:: WORK REQUIRED ::
Transcription task. Write out each entry verbatim and exclude any image.
[[ RECORD EXTRACTS, beginning ]]
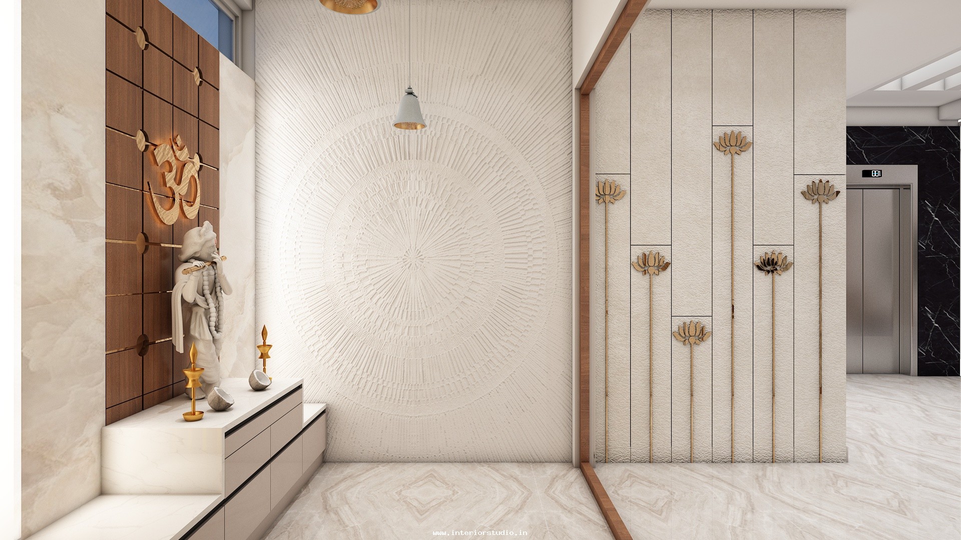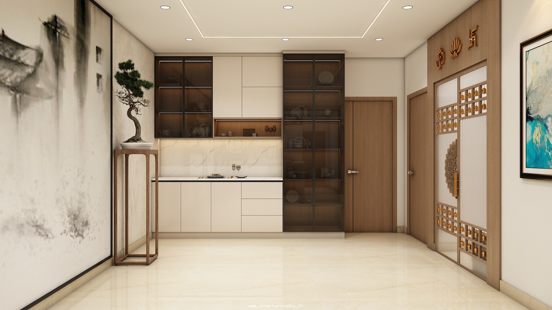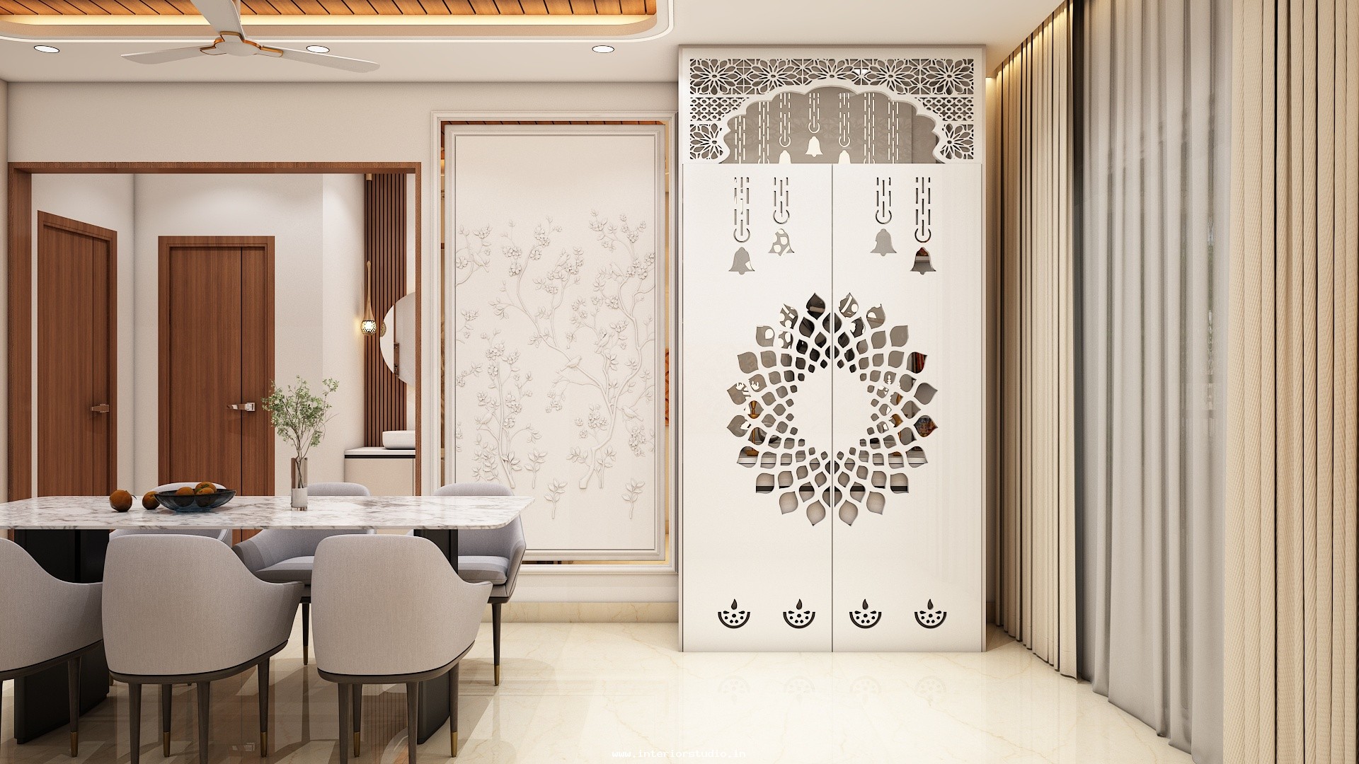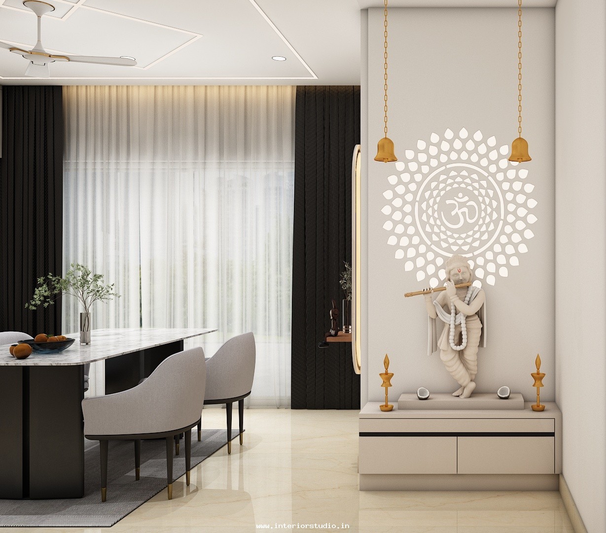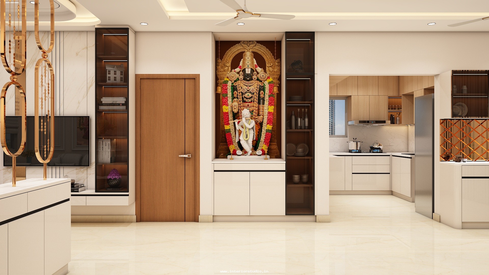 Pooja room is where we can find some peace of mind regularly at our homes. So, this room needs to get more space and a clean look to have a peaceful pooja everyday. Our 3D design of the Pooja room represents the Altar Setup with more space for idols, deity photos along with shelves for lamps and other pooja essentials. Also, lighting with LED backlights to bring the glow of pooja mandir, ventilation to make the fog from diyas to spread out along with speakers for playing chants or devotional music and traditional pooja items are added to the room making it more authentic.
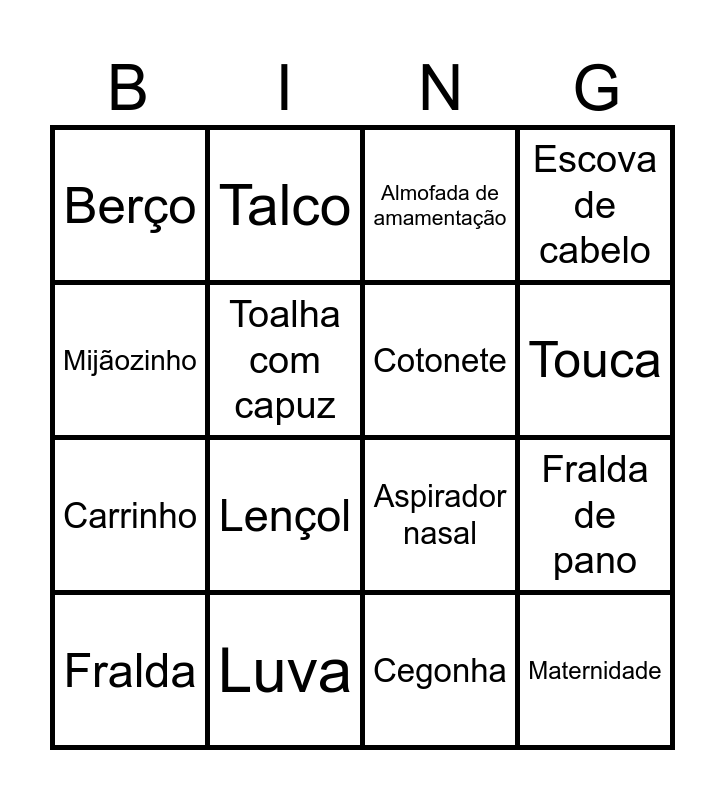 This bingo card has 51 words: Free!, Fralda, Lenço umedecido, Pomada de assadura, Shampoo, Sabonete líquido, Talco, Banheira, Toalha com capuz, Algodão, Cotonete, Escova de cabelo, Body, Macacão, Meia, Sapatinho, Touca, Luva, Babador, Mijãozinho, Fralda de pano, Cueiro, Berço, Carrinho, Móbile, Cobertor, Lençol, Travesseiro, Trocador, Almofada de amamentação, Ninho, Mamadeira, Chupeta, Prendedor de chupeta, Mordedor, Chocalho, Leite, Potinho de papinha, Cadeira de alimentação, Ultrassom, Cegonha, Maternidade, Grávida, Primeiros passos, Chá de bebê, Termômetro, Aspirador nasal, Pente, Tênis de bebê, Mochila de passeio and Lixeirinha de fraldas.
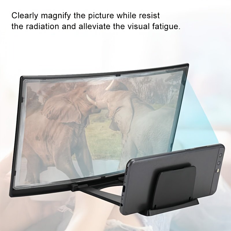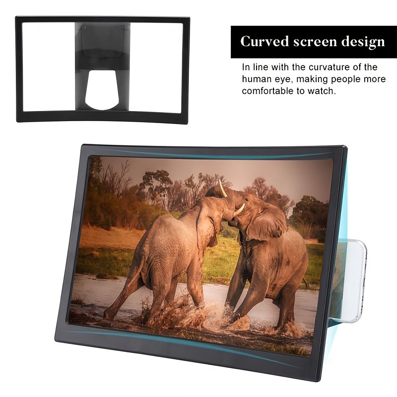 1pc Curved Screen Phone Magnifier, 12-inch HD 3D Mobile Screen Magnifier with Foldable Stand, Advanced ABS Waterproof Screen Enlarger for Smartphones
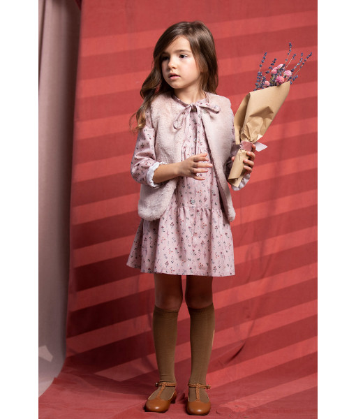 CHALECO PELO ECO Y VESTIDO FLOR BOTÁNICA ROSA
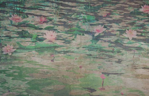 En förtrollande scen av en lugnande damm full av näckrosor utgör grunden för denna design. Mjukt rosa blommor flyter mellan de flytande bladen som i varierande gröna nyanser täcker vattnet. Bakgrunden är subtilt lagerlagd med en väderbiten textur, vilket ger helheten en nostalgisk, nästan impressionistisk karaktär. Bilden väcker minnen av Monets målningar, men med en modern twist i färg och atmosfär. Denna design kommer till sin rätt i en klassisk romantisk eller naturinspirerad inredningsstil. I en klassisk miljö utgör den en elegant vilopunkt i kombination med graciösa möbler, varma trädetaljer och textilier i gammalrosa eller salviagrönt. I en naturlig inredning passar den perfekt med ljusa träslag, rottingaccessoarer, stora krukväxter och linnetyger, vilket subtilt för in utomhusmiljön. Färgpaletten består av grågröna nyanser, mjukt rosa accenter och naturliga brunbeige toner, som tillsammans skapar en lugnande atmosfär. Detta gör designen idealisk för utrymmen som ett sovrum, läshörna eller meditationsrum, där avkoppling och harmoni står i centrum. Den lekfulla kompositionen av blad och blommor spridda över vattenytan ger rörelse och djup i rummet, utan att vara överväldigande. Genom den ljusa färganvändningen och den konstnärliga finishen känns designen luftig, men med tillräckligt med detaljer för att göra ett bestående intryck.
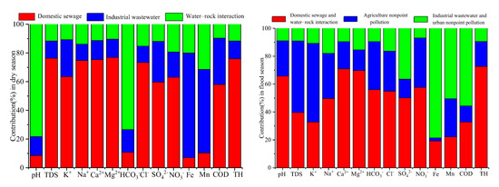 In the flood season, water-quality parameters were affected by domestic sewage and water–rock interaction (65.7% of pH, 49.7% of Na+, 70.9% of Ca2+, 69.7% of Mg2+, 50.1% of SO42−, 57.6% of NO3−, 54.9% of Cl−, 56.0% of HCO3−, 72.7% of TH, 39.6% of TDS, and 32.8% of K+), agricultural nonpoint pollution (51.4% of TDS, 56.5% of K+, and 35.5% of NO3−), and industrial wastewater and urban nonpoint pollution (78.6% of Fe, 50.5% of Mn, 55.7% of COD, and 36.5% of SO42−).
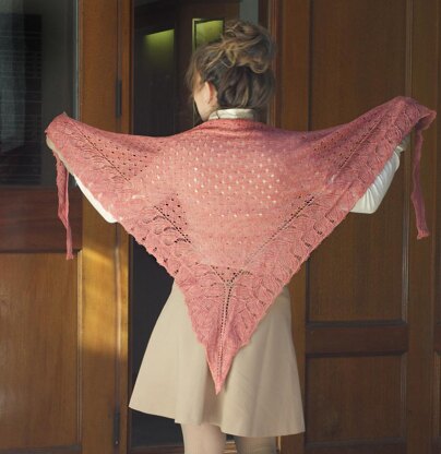 Materials: 2 skeins Swans Island Natural Colors Merino Silk, 50% Fine Merino Wool, 50% Tussah Silk; Lace weight (50 gms, 550 yds each) Color Shown: YL149 Guava
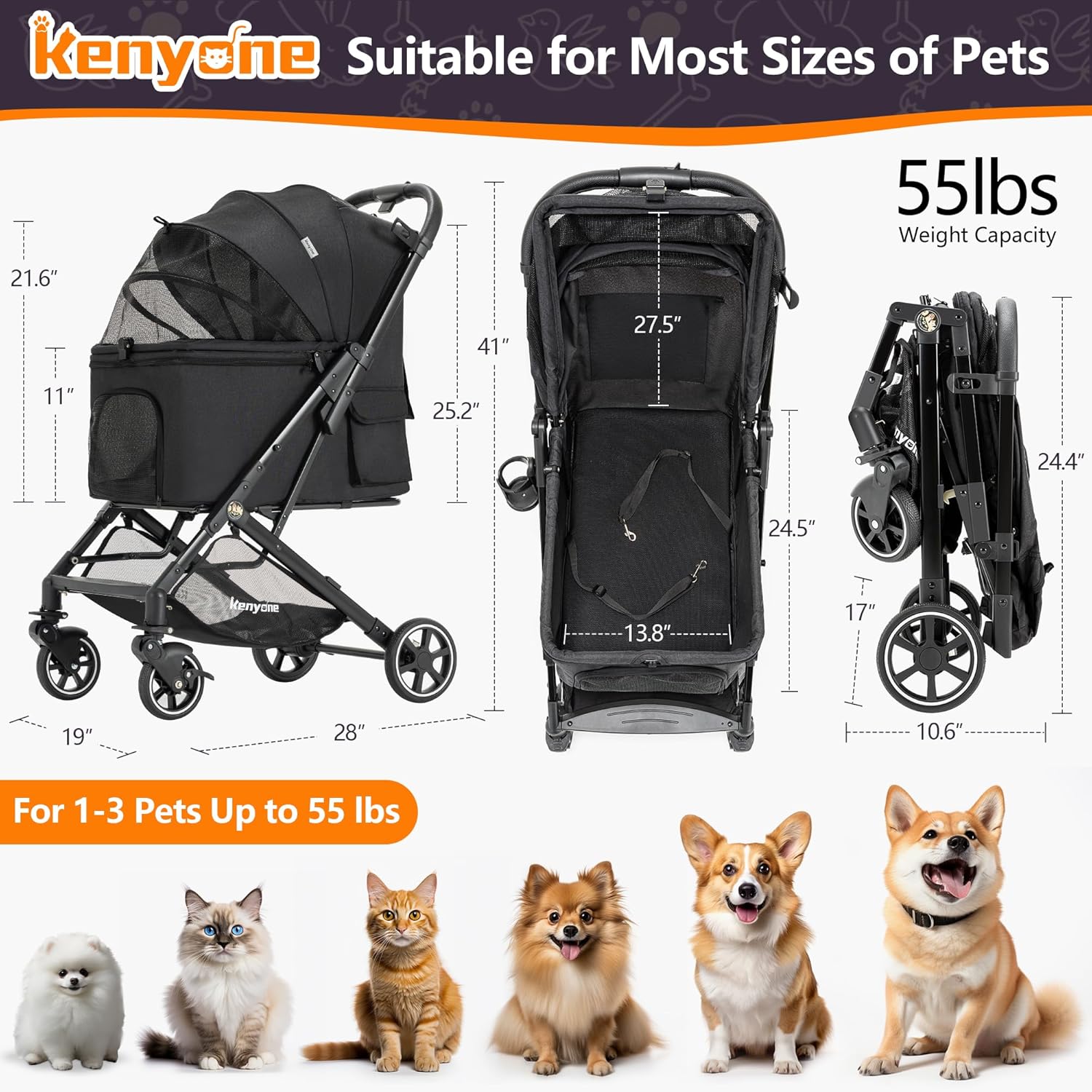 - Designed for Medium Pets: The spacious cloth carrier of the Kenyone stroller measures 24.5" L x 13.8" W x 25.2" H, with an elevated canopy, ideal for medium to large dogs or cats (body length under 24"). It provides enough room to comfortably fit three small puppies under 15 lbs, two 20 lbs medium-sized doggies or a large dog weighing up to 55 lbs.
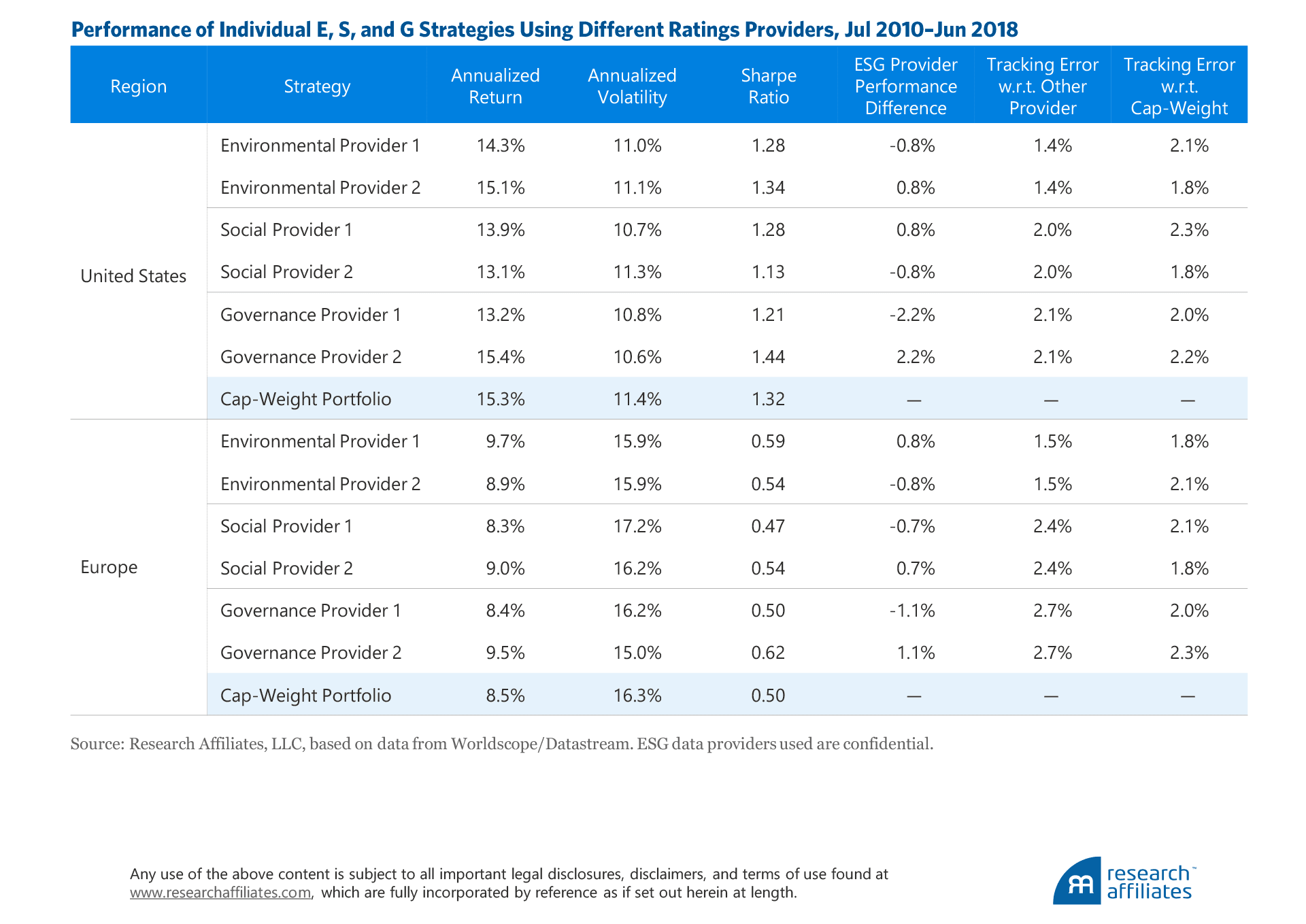 To vividly illustrate this point, we analyze two popular comprehensive ESG data vendors, which we call Provider 1 and Provider 2.5 We construct two separate portfolios, one in the United States and one in Europe, using ESG ratings data from both providers. We then examine the differences in performance and portfolio characteristics of the US/Provider 1 and US/Provider 2 portfolios as well as the Europe/Provider 1 and Europe/Provider 2 portfolios.
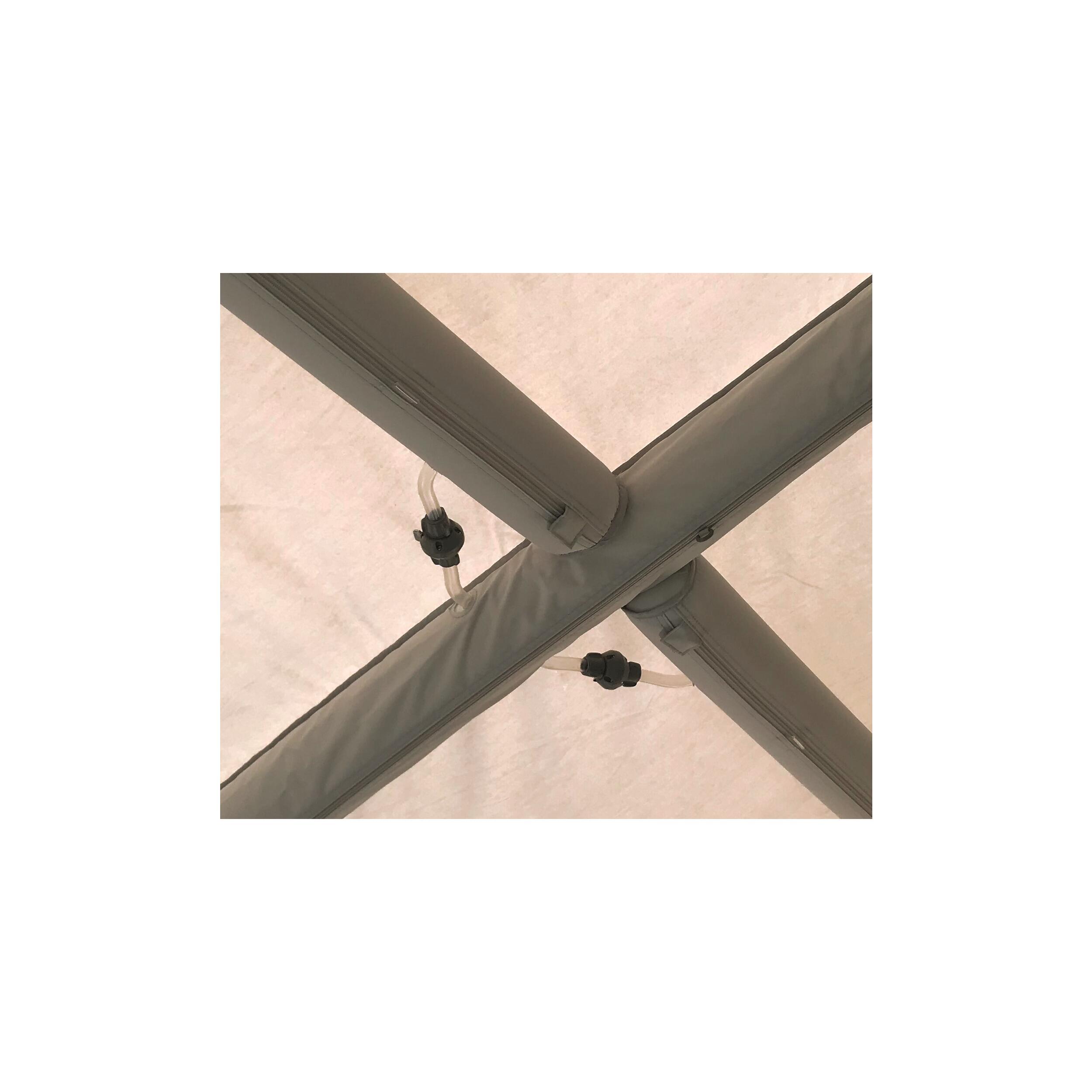 L'auvent gonflable est composé de façades et côtés avec fenêtres. Les façades et les côtés sont détachables, c'est-à-dire vous pouvez retirer les fenêtres si vous le souhaitez. Pratique pour aérer !
[[ RECORD EXTRACTS, end ]]
:: OUTPUT FOR THIS EXERCISE ::
 Pooja room is where we can find some peace of mind regularly at our homes. So, this room needs to get more space and a clean look to have a peaceful pooja everyday. Our 3D design of the Pooja room represents the Altar Setup with more space for idols, deity photos along with shelves for lamps and other pooja essentials. Also, lighting with LED backlights to bring the glow of pooja mandir, ventilation to make the fog from diyas to spread out along with speakers for playing chants or devotional music and traditional pooja items are added to the room making it more authentic.
 This bingo card has 51 words: Free!, Fralda, Lenço umedecido, Pomada de assadura, Shampoo, Sabonete líquido, Talco, Banheira, Toalha com capuz, Algodão, Cotonete, Escova de cabelo, Body, Macacão, Meia, Sapatinho, Touca, Luva, Babador, Mijãozinho, Fralda de pano, Cueiro, Berço, Carrinho, Móbile, Cobertor, Lençol, Travesseiro, Trocador, Almofada de amamentação, Ninho, Mamadeira, Chupeta, Prendedor de chupeta, Mordedor, Chocalho, Leite, Potinho de papinha, Cadeira de alimentação, Ultrassom, Cegonha, Maternidade, Grávida, Primeiros passos, Chá de bebê, Termômetro, Aspirador nasal, Pente, Tênis de bebê, Mochila de passeio and Lixeirinha de fraldas.
 1pc Curved Screen Phone Magnifier, 12-inch HD 3D Mobile Screen Magnifier with Foldable Stand, Advanced ABS Waterproof Screen Enlarger for Smartphones
 CHALECO PELO ECO Y VESTIDO FLOR BOTÁNICA ROSA
 En förtrollande scen av en lugnande damm full av näckrosor utgör grunden för denna design. Mjukt rosa blommor flyter mellan de flytande bladen som i varierande gröna nyanser täcker vattnet. Bakgrunden är subtilt lagerlagd med en väderbiten textur, vilket ger helheten en nostalgisk, nästan impressionistisk karaktär. Bilden väcker minnen av Monets målningar, men med en modern twist i färg och atmosfär. Denna design kommer till sin rätt i en klassisk romantisk eller naturinspirerad inredningsstil. I en klassisk miljö utgör den en elegant vilopunkt i kombination med graciösa möbler, varma trädetaljer och textilier i gammalrosa eller salviagrönt. I en naturlig inredning passar den perfekt med ljusa träslag, rottingaccessoarer, stora krukväxter och linnetyger, vilket subtilt för in utomhusmiljön. Färgpaletten består av grågröna nyanser, mjukt rosa accenter och naturliga brunbeige toner, som tillsammans skapar en lugnande atmosfär. Detta gör designen idealisk för utrymmen som ett sovrum, läshörna eller meditationsrum, där avkoppling och harmoni står i centrum. Den lekfulla kompositionen av blad och blommor spridda över vattenytan ger rörelse och djup i rummet, utan att vara överväldigande. Genom den ljusa färganvändningen och den konstnärliga finishen känns designen luftig, men med tillräckligt med detaljer för att göra ett bestående intryck.
 In the flood season, water-quality parameters were affected by domestic sewage and water–rock interaction (65.7% of pH, 49.7% of Na+, 70.9% of Ca2+, 69.7% of Mg2+, 50.1% of SO42−, 57.6% of NO3−, 54.9% of Cl−, 56.0% of HCO3−, 72.7% of TH, 39.6% of TDS, and 32.8% of K+), agricultural nonpoint pollution (51.4% of TDS, 56.5% of K+, and 35.5% of NO3−), and industrial wastewater and urban nonpoint pollution (78.6% of Fe, 50.5% of Mn, 55.7% of COD, and 36.5% of SO42−).
 Materials: 2 skeins Swans Island Natural Colors Merino Silk, 50% Fine Merino Wool, 50% Tussah Silk; Lace weight (50 gms, 550 yds each) Color Shown: YL149 Guava
 - Designed for Medium Pets: The spacious cloth carrier of the Kenyone stroller measures 24.5" L x 13.8" W x 25.2" H, with an elevated canopy, ideal for medium to large dogs or cats (body length under 24"). It provides enough room to comfortably fit three small puppies under 15 lbs, two 20 lbs medium-sized doggies or a large dog weighing up to 55 lbs.
 To vividly illustrate this point, we analyze two popular comprehensive ESG data vendors, which we call Provider 1 and Provider 2.5 We construct two separate portfolios, one in the United States and one in Europe, using ESG ratings data from both providers. We then examine the differences in performance and portfolio characteristics of the US/Provider 1 and US/Provider 2 portfolios as well as the Europe/Provider 1 and Europe/Provider 2 portfolios.
 L'auvent gonflable est composé de façades et côtés avec fenêtres. Les façades et les côtés sont détachables, c'est-à-dire vous pouvez retirer les fenêtres si vous le souhaitez. Pratique pour aérer !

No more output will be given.